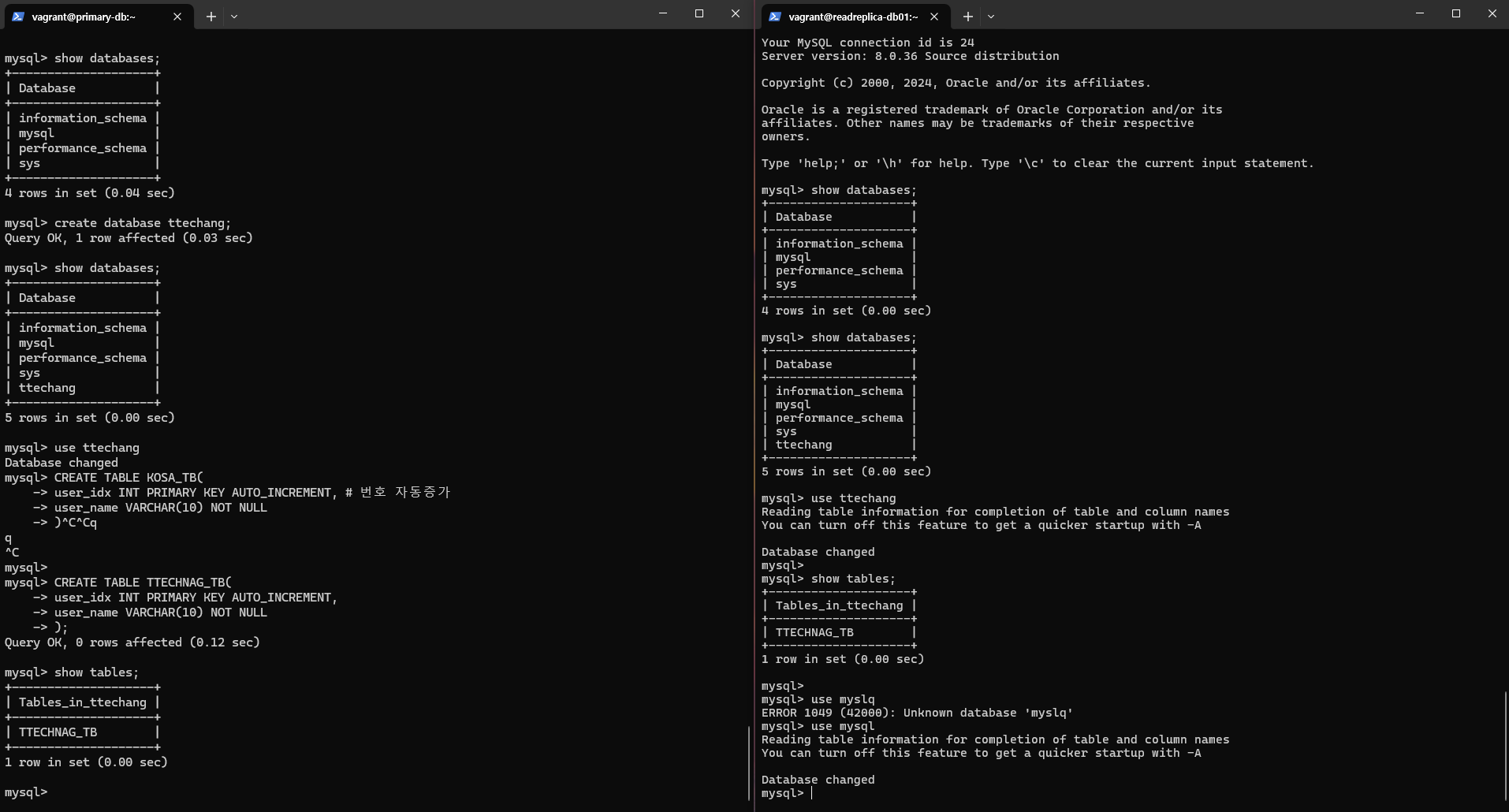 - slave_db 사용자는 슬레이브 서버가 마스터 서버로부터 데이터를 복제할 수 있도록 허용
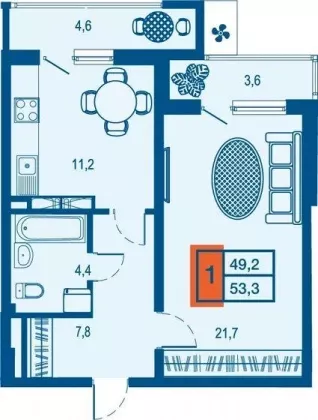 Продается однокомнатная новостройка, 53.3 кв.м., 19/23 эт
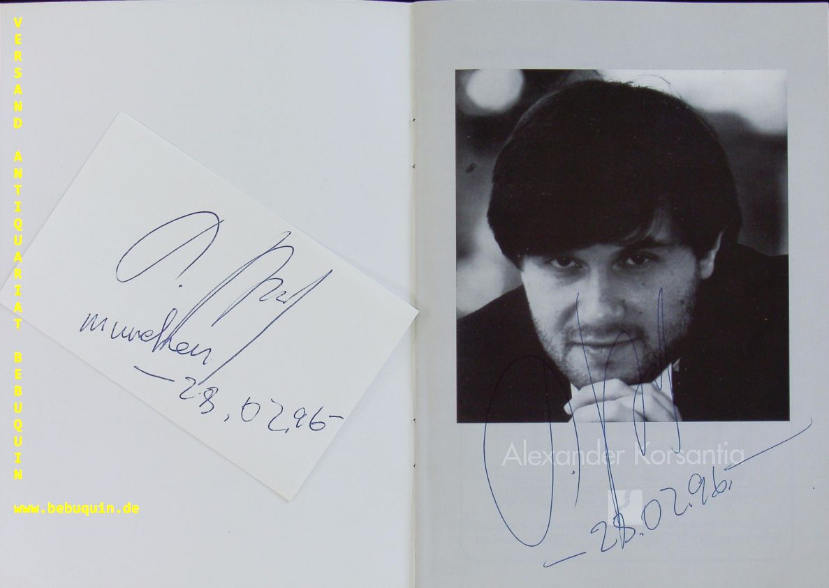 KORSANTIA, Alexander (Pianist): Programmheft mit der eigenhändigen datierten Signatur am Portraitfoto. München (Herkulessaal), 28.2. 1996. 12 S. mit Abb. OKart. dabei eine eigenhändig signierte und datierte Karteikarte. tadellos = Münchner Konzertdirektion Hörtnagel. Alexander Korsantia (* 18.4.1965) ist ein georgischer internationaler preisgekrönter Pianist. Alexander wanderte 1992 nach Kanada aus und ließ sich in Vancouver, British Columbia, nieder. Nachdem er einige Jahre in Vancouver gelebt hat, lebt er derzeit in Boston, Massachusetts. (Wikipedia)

# Prompt
Could every line above be set down exactly, with the pictures omitted?

# Solution for this exercise
 - slave_db 사용자는 슬레이브 서버가 마스터 서버로부터 데이터를 복제할 수 있도록 허용
 Продается однокомнатная новостройка, 53.3 кв.м., 19/23 эт
 KORSANTIA, Alexander (Pianist): Programmheft mit der eigenhändigen datierten Signatur am Portraitfoto. München (Herkulessaal), 28.2. 1996. 12 S. mit Abb. OKart. dabei eine eigenhändig signierte und datierte Karteikarte. tadellos = Münchner Konzertdirektion Hörtnagel. Alexander Korsantia (* 18.4.1965) ist ein georgischer internationaler preisgekrönter Pianist. Alexander wanderte 1992 nach Kanada aus und ließ sich in Vancouver, British Columbia, nieder. Nachdem er einige Jahre in Vancouver gelebt hat, lebt er derzeit in Boston, Massachusetts. (Wikipedia)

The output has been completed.